Wie gross ist denn die Kluft zwischen älteren Menschen und jüngeren? Hat sich das eher angeglichen
in den letzten Jahren oder driften
die Wertvorstellungen weiter auseinander? Ein Beispiel ist der Wandel des traditionellen Rollenbildes –
wie gehen ältere Menschen mit so
grundlegenden Paradigmenwechseln um?
Die heutigen Senioren haben sehr
wohl Verständnis für die gewandelten Rollenbilder und sehen, welche
Balance und Herausforderung es für
Frauen heute bedeutet, Beruf und
Familie zu verbinden. Manche sagen, dass sie froh sind, dass das zu
ihrer Zeit anders war und sie diesem
Druck nicht ausgesetzt waren. Andere hingegen hätten gerne diese beruf lichen Möglichkeiten wahrgenommen.

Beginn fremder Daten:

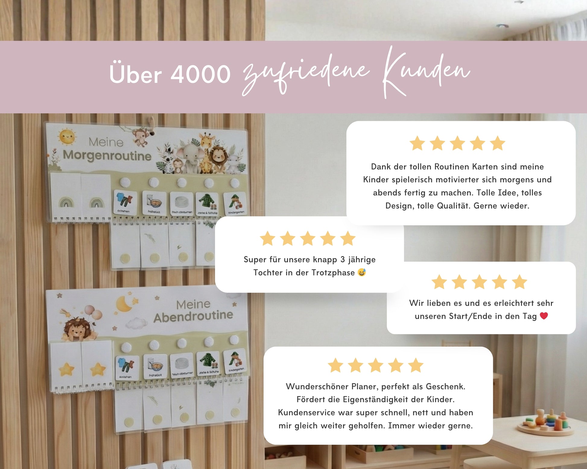 Ob Morgen- oder Abendroutine: Alles ist kindgerecht gestaltet und motiviert dein Kind, Aufgaben selbstständig und mit Stolz zu erledigen.

Gerade dieses Rollenverständnis
führt auch dazu, dass Frauen immer
mehr beruflich eingebunden sind
und sich nicht selbstverständlich
um die alternden Eltern kümmern
können, wenn diese hilfsbedürftig
werden. Vereinbarkeit von Pflege
und Beruf wird ein immer grösseres
Thema. Was bedeutet dies für die
Gesellschaft?
Wir stehen zunehmend vor dem Problem, dass der Anteil der Personen
im dritten und vierten Lebensalter
und die Lebenserwartung in allen
(nach)industrialisierten Ländern zunimmt. Das hat den Vorteil, dass einerseits die Jahre des gesunden Alters steigen. Andererseits zeichnet
sich im vierten Lebensalter gleichzeitig ein Mangel an formeller (Pflegepersonal) und informeller Pflege
(pf legende Angehörige) ab. Hier
müssen neue Ansätze entwickelt
werden, um diese Herausforderung
zu bewältigen.
Wie könnten solche Lösungen aussehen?
In unserem Kompetenzzentrum sind
wir intensiv daran, hierfür Lösungsansätze zu entwickeln. Ein aktuelles
Projekt von uns heisst LivingLab@
home. Damit wollen wir die Entwicklung solcher technischer Lösungen unterstützen. Die Privathaushalte von Senioren werden zu
sogenannten Living Labs, also bewohnbaren Laboren umgerüstet
und entsprechend technisch ausgestattet. So können dort direkt Lösungen getestet werden. Durch die
Testung zu Hause können wir wissenschaftliche Daten zur Akzeptanz
und Alltagstauglichkeit der Lösun-
gen erheben. Des Weiteren ist unser
Ziel, mit den beteiligten Senioren gemeinsam Impulse für Entwicklungen zu geben, sodass technische Innovationen ausgehend von ihren
konkreten Unterstützungsbedürfnissen entwickelt werden. Ziel ist es,
die Technologieentwicklung zusammen mit den Senioren und eng an deren Bedürfnissen orientiert zu betreiben, sodass ein möglichst langes Leben
zu Hause bei hohem Grad an Selbstständigkeit und Lebensqualität
nachhaltig ermöglicht werden kann.
HINTERGRUND
Kompetenzzentrum
für Altersforschung
Die Soziologin Sabina Misoch leitet
das Interdisziplinäre Kompetenzzentrum Alter (IKOA) an der Fachhochschule St. Gallen. Das Kompetenzzentrum befasst sich mit anwendungsorientierter Forschung und
Entwicklung rund um die Fragen des
Alters und des Alterns. Es beleuchtet die Herausforderungen, welche
der sich vollziehende demografische
Wandel an Gesellschaft, Institutionen und einzele Personen mit sich
bringen wird.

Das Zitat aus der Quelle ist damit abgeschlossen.